The task of the present invention lies in providing immersive experience for a person in a vehicle.

According to an aspect of the present invention, described is a method for displaying VR in a vehicle, the method comprising: acquiring information about the position, orientation and movement of the vehicle； constructing VR based on map data according to the position, orientation and movement of the vehicle； and outputting the VR on VR output means.

In the present invention, vehicles include land vehicles, aircrafts, or watercrafts, wherein land vehicles particularly refer to automotive vehicles, rail cars, motors, etc., aircrafts particularly refer to airplanes, airships, etc., and watercrafts particularly refer to ships, yachts, etc.

In the present invention, the VR output means may be a VR head-mounted display, such as VR glasses, VR helmets, or a stereoscopic display system including a stereoscopic image display and 3D glasses, or a cave type stereoscopic display system (CAVE system) using the surface of the vehicle as the projection surface, and alternatively, it may be a naked eye stereoscopic display system. However, the present invention is not limited to the VR output means as listed above, and it is self-evident that other VR output means may be also included.

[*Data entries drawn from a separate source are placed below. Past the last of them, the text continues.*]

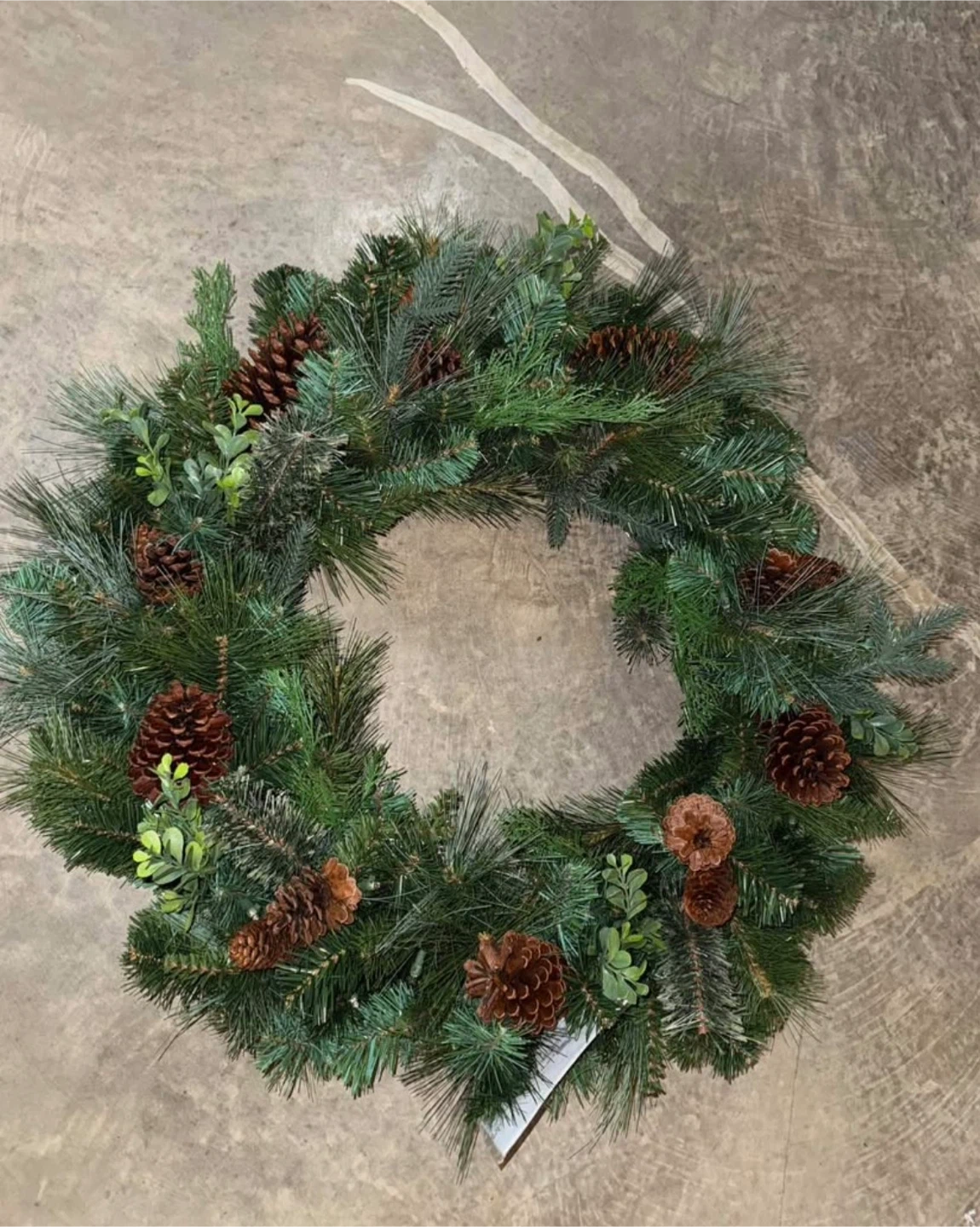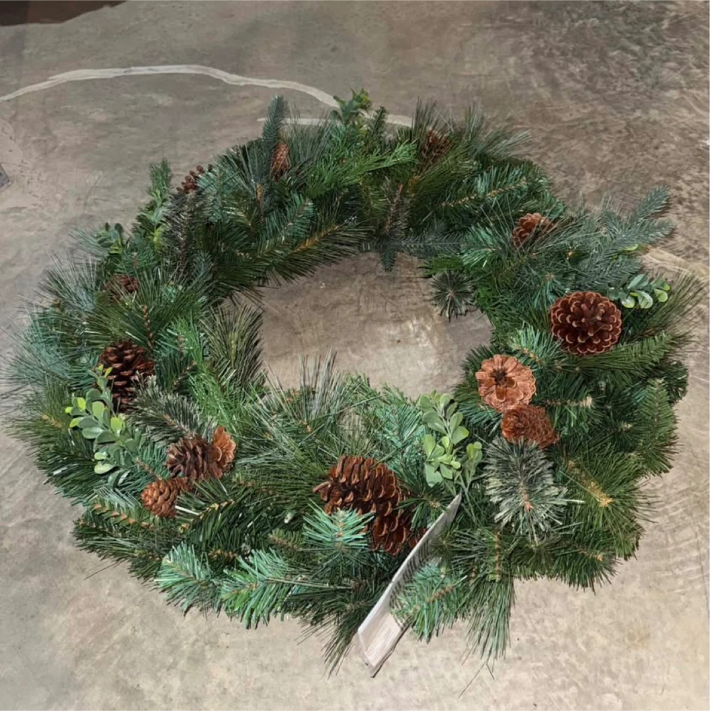 Selling a lovely Christmas wreath decorated with pine cones. It's perfect for adding a festive touch to your front door or any room in your home. It's in great condition and ready to bring some holiday cheer!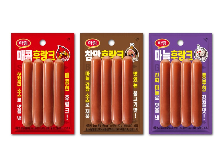 맛은 세 가지. ‘매콤후랑크’는 자극적이지 않으면서 맛있게 매운 맛을 구현했다. ‘마늘후랑크’는 마늘 향만 입힌 게 아니라 국내산 마늘 원물의 함유량을 높여 감칠맛이 풍부하다. ‘참맛후랑크’는 마늘간장 소스에 재워 불고기 맛을 제대로 담았다.
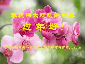 师父您好!弟子们恭祝师父新年快乐! 在新的一年里,跟上正法進程。做好三件事,多救人,跟师父回家!大法弟子跪拜师父! 2021年1月25日 辽宁省营口市盖州一学法小组大法弟子恭祝师父新年快乐!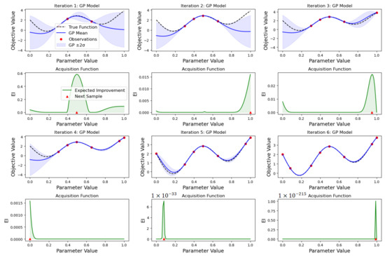 Figure 2 below visualizes how Bayesian Optimization works through two main components: a surrogate model and an acquisition function.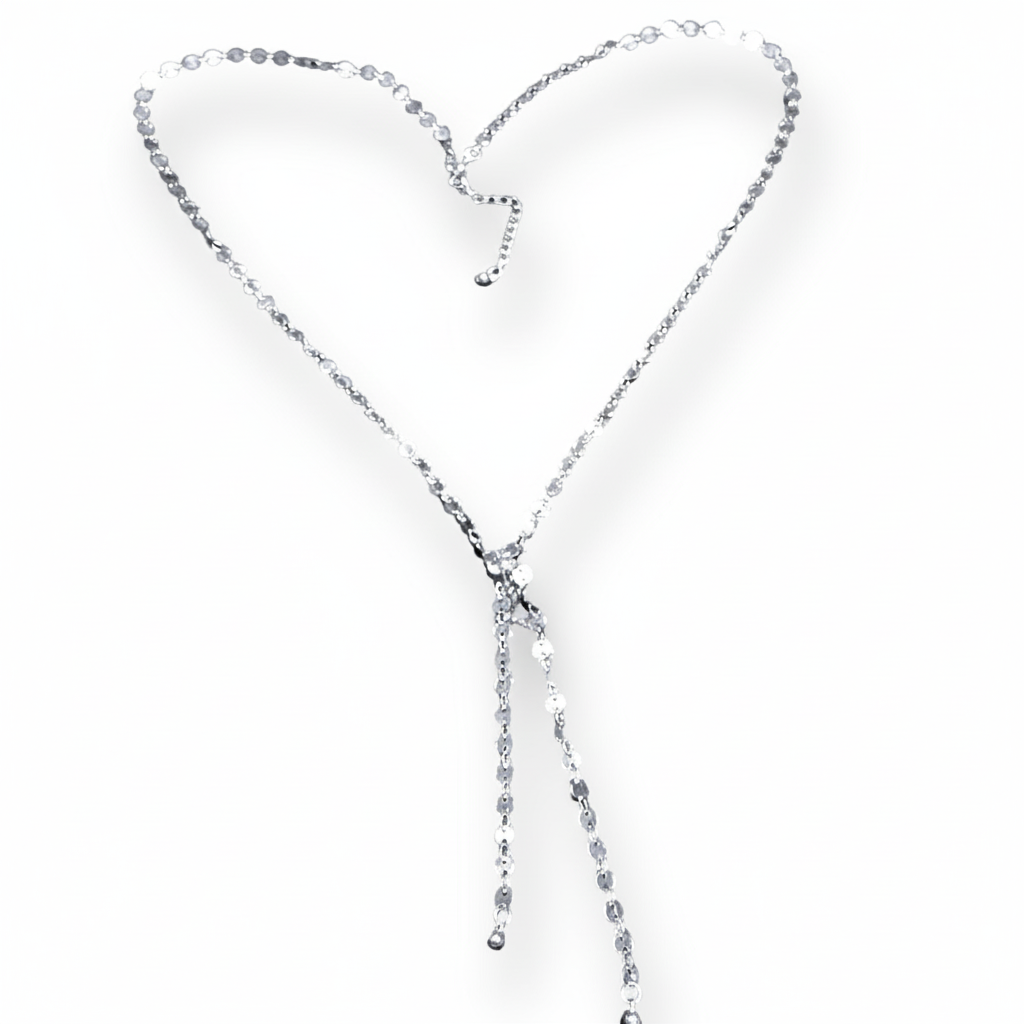Disc Chain Necklace With Double Drop In Silver Plate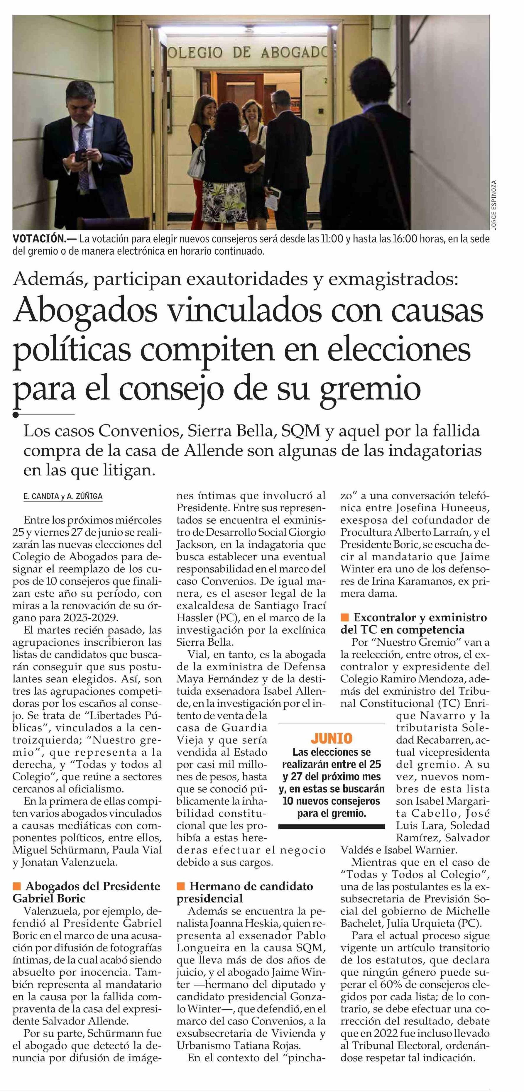 Título: Abogados vinculados con causas políticas compiten en elecciones para el consejo de su gremio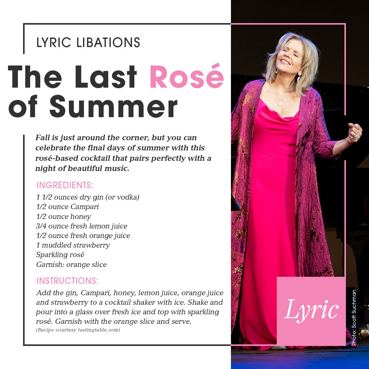 Fall is just around the corner, but you can celebrate the final days of summer with this rosé-based cocktail that pairs perfectly with a night of beautiful music.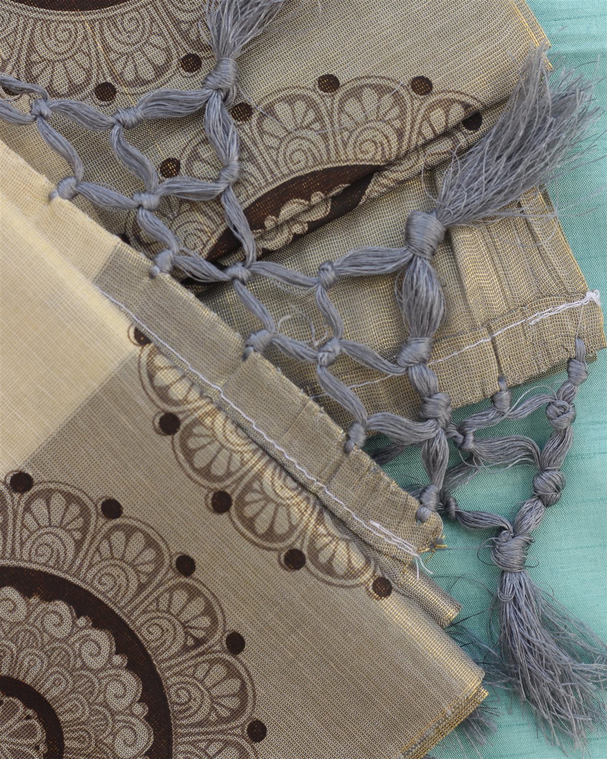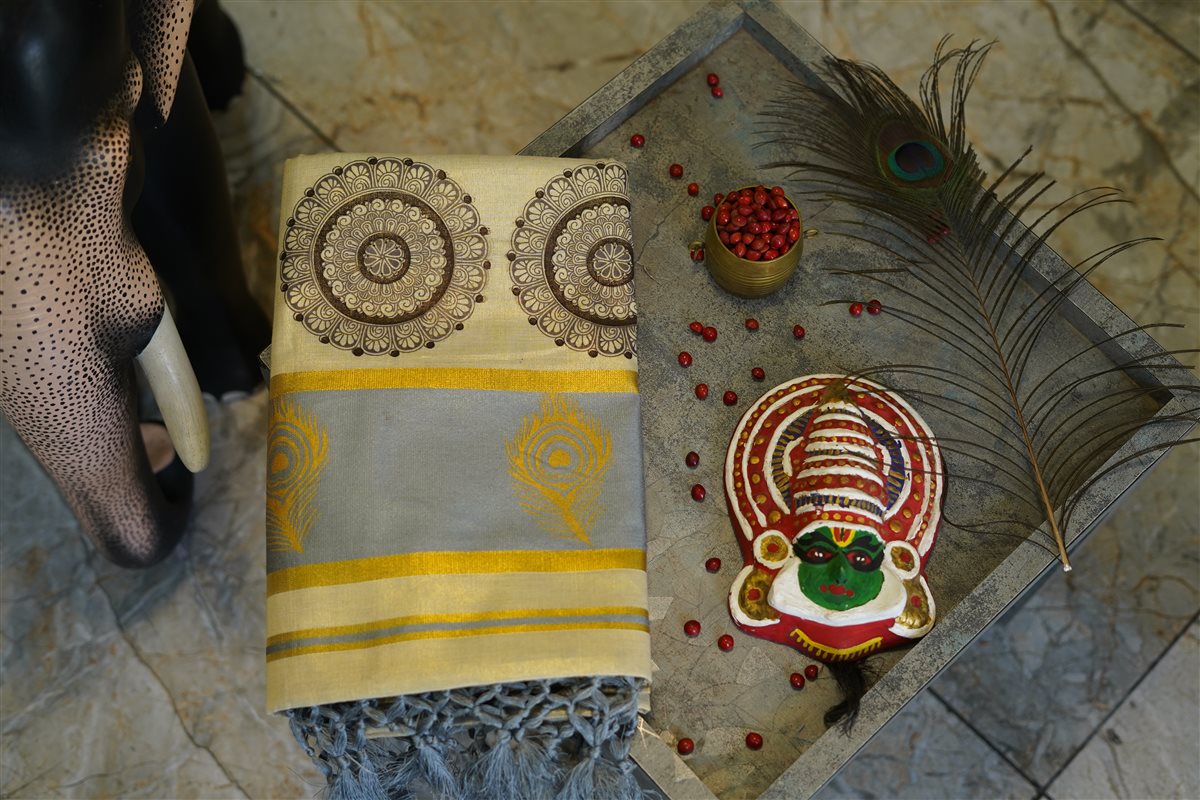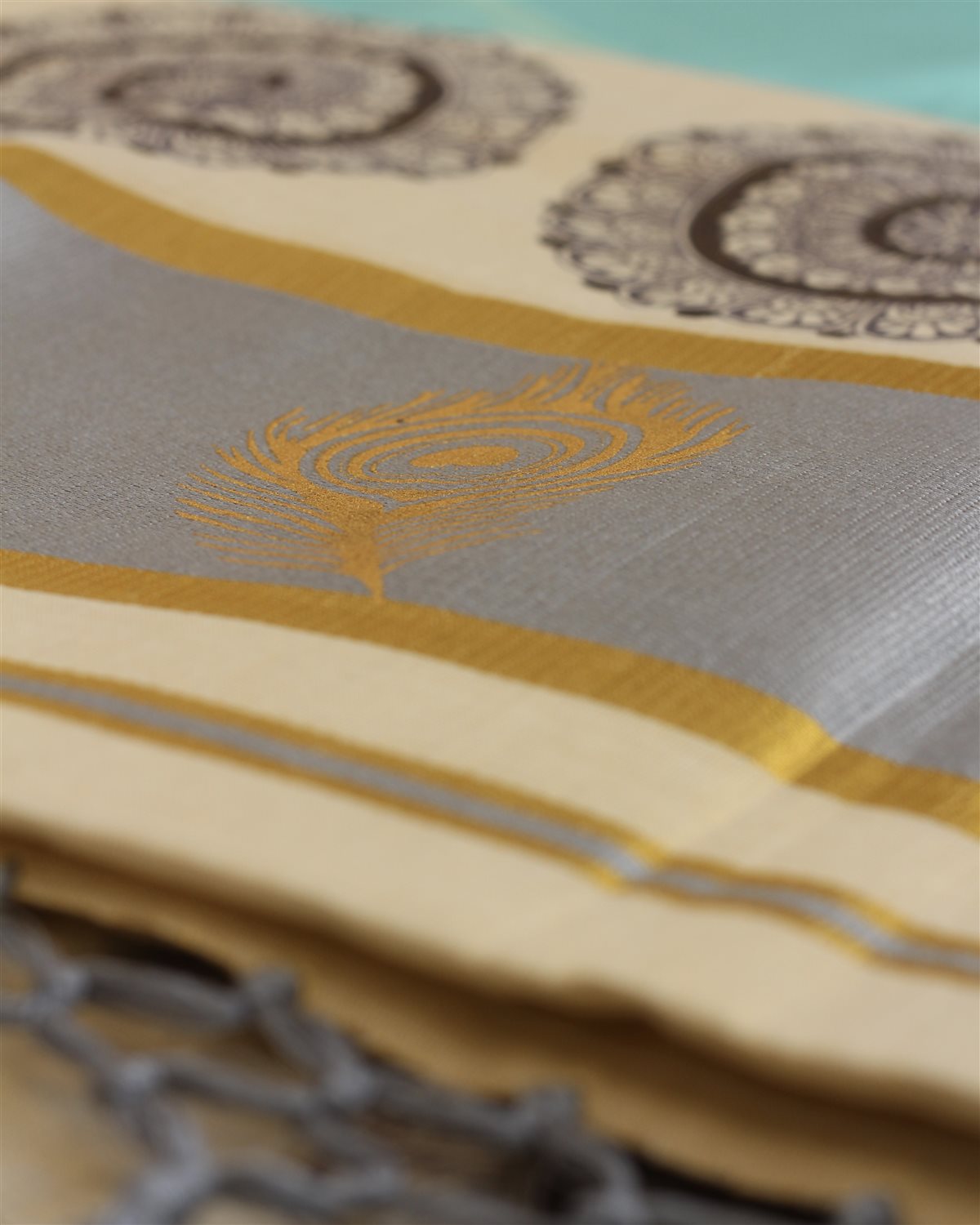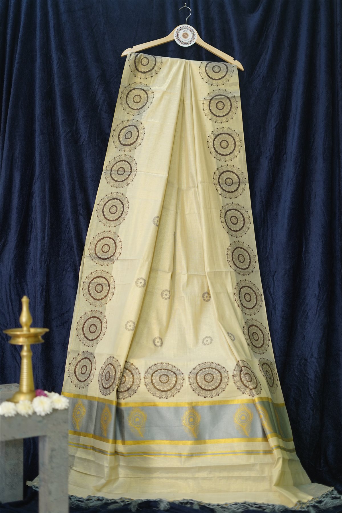 Light cream saree with grid-like circular motifs, highlighted by a gold and brown border featuring ornate circles and peacock feather designs on a light blue base.

In the present invention, the VR is preferably rendered very realistic. However, the VR may also be rendered to be relatively abstractive such that the viewer would pay more attention to the most important information.

According to one embodiment of the present invention, the VR includes a three-dimensional dynamic visual scene of an exterior environment of the vehicle for the person in the vehicle. Hence, a three-dimensional dynamic visual scene with respect to the exterior environment of the vehicle can be provided for the person in the vehicle, wherein the three-dimensional dynamic visual scene can move along with movement of the vehicle in the real world. Hence, the VR according to the present invention firstly visualizes map data, and such VR is also fused with the actual movement of the vehicle in which a person is located. In this case, the person in the vehicle can, by means of the VR, in particular through the casing of the vehicle, without any visual blocking, the exterior environment of the vehicle. Therefore, the present invention can provide immersive experience for the person in the vehicle with the movement of the vehicle.

According to one embodiment of the present invention, the VR can be output with a perspective at an altitude different from the actual altitude of the vehicle. By such an embodiment, for example, those in a land vehicle can view the exterior environment of the vehicle with an eagle perspective to experience like floating in the air.

Hence, those viewing the VR with an eagle perspective in the dynamic three-dimensional map view are located above the actual position of the vehicle. In other words, in a two-dimensional plane substantially parallel to the ground surface, the position of the VR viewed by the person is equivalent to a current car position (CCP) in a traditional navigation system. However, in a vertical direction perpendicular to the ground surface, the VR viewed by the person is based on an altitude different from the actual position of the vehicle.

In case the vehicle is a car, where the VR is output with a perspective at an altitude different from the actual altitude of the vehicle, it is possible:

-to look for the best route；

-to explore surrounding environment/sightseeing, such as to see which building is over there etc.；

-to look for POIs like restaurants or parking etc.；

-to find the possibility for parking；

-to assist the driver to pass through a complex environment or to park in a complex environment；

-to experience a new feeling of car riding, like flying in the air with birds.

According to one embodiment of the present invention, the altitude at which the perspective is can be adjusted. In this case, the person in the vehicle can adjust his/her perspective to obtain a better eyeshot.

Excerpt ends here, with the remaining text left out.